→ PROBLEM DESCRIPTION
Return the records from the first line through the line containing "高一政治+答案--河北省邢台", and leave out the pictures.

→ THE RECORDS
──────────
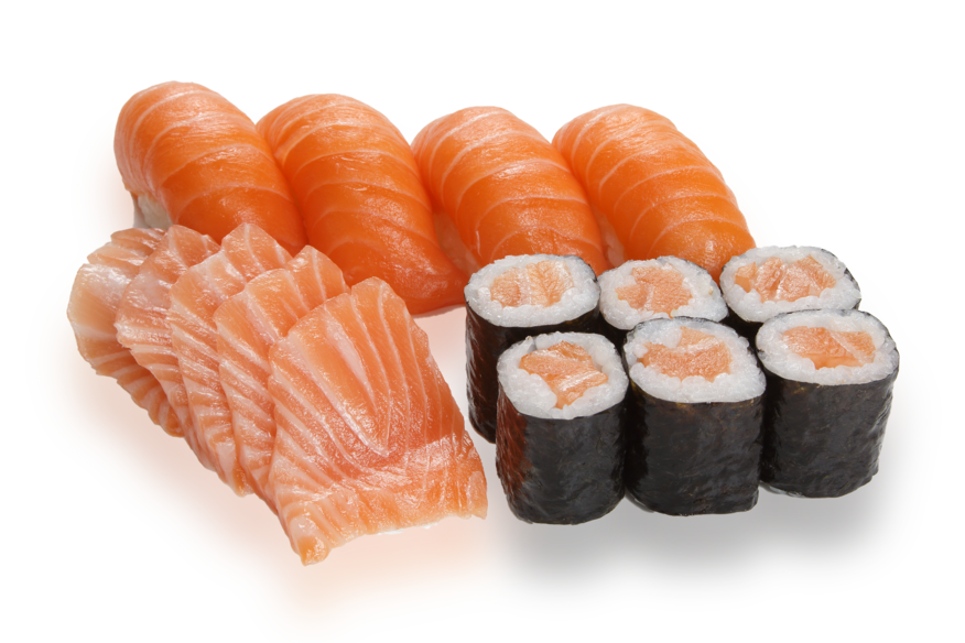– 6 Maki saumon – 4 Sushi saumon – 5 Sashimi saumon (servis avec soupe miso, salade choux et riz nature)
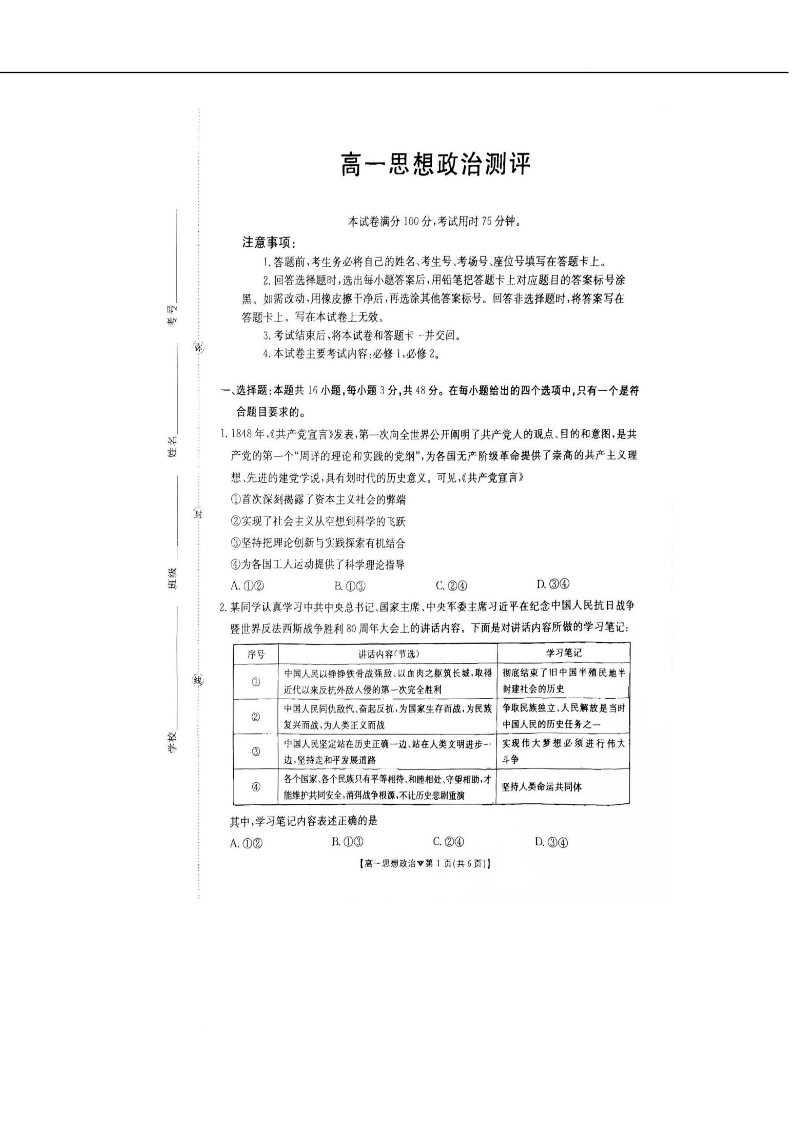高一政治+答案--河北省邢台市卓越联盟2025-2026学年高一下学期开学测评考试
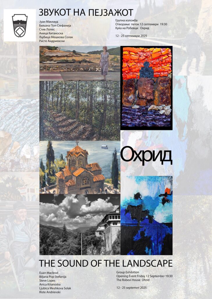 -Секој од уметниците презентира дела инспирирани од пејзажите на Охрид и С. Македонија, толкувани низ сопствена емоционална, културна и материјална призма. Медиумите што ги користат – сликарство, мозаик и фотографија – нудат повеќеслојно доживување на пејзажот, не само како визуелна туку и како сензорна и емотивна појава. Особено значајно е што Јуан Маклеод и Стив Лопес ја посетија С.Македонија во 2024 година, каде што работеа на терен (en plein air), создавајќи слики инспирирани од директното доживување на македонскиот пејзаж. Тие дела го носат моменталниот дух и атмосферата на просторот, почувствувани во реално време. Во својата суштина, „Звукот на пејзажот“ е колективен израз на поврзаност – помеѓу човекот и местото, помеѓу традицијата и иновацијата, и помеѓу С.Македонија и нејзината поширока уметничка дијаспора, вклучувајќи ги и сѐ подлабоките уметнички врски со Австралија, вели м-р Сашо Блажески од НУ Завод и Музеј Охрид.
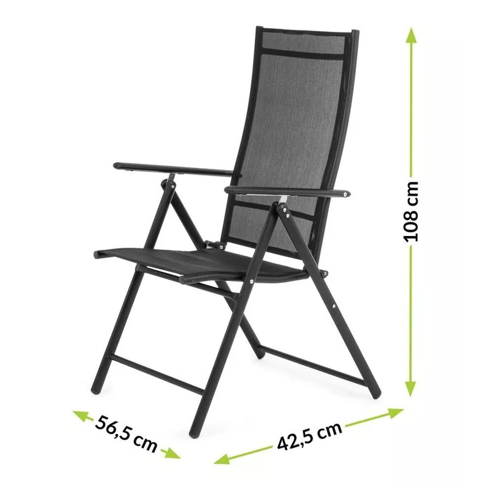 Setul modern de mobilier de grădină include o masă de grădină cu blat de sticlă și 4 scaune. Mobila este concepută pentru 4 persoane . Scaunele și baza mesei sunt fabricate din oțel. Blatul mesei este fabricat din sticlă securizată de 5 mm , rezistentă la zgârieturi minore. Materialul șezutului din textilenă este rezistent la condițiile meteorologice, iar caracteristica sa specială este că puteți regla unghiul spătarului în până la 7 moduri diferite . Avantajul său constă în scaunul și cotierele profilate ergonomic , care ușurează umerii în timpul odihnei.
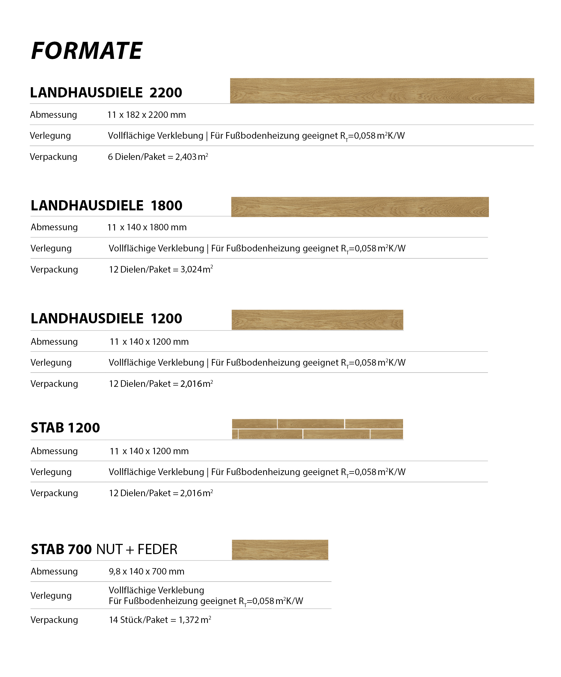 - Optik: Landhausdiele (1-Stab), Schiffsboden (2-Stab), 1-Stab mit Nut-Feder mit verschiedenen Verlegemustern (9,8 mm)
──────────
→ RESPONSE BOX
– 6 Maki saumon – 4 Sushi saumon – 5 Sashimi saumon (servis avec soupe miso, salade choux et riz nature)
高一政治+答案--河北省邢台市卓越联盟2025-2026学年高一下学期开学测评考试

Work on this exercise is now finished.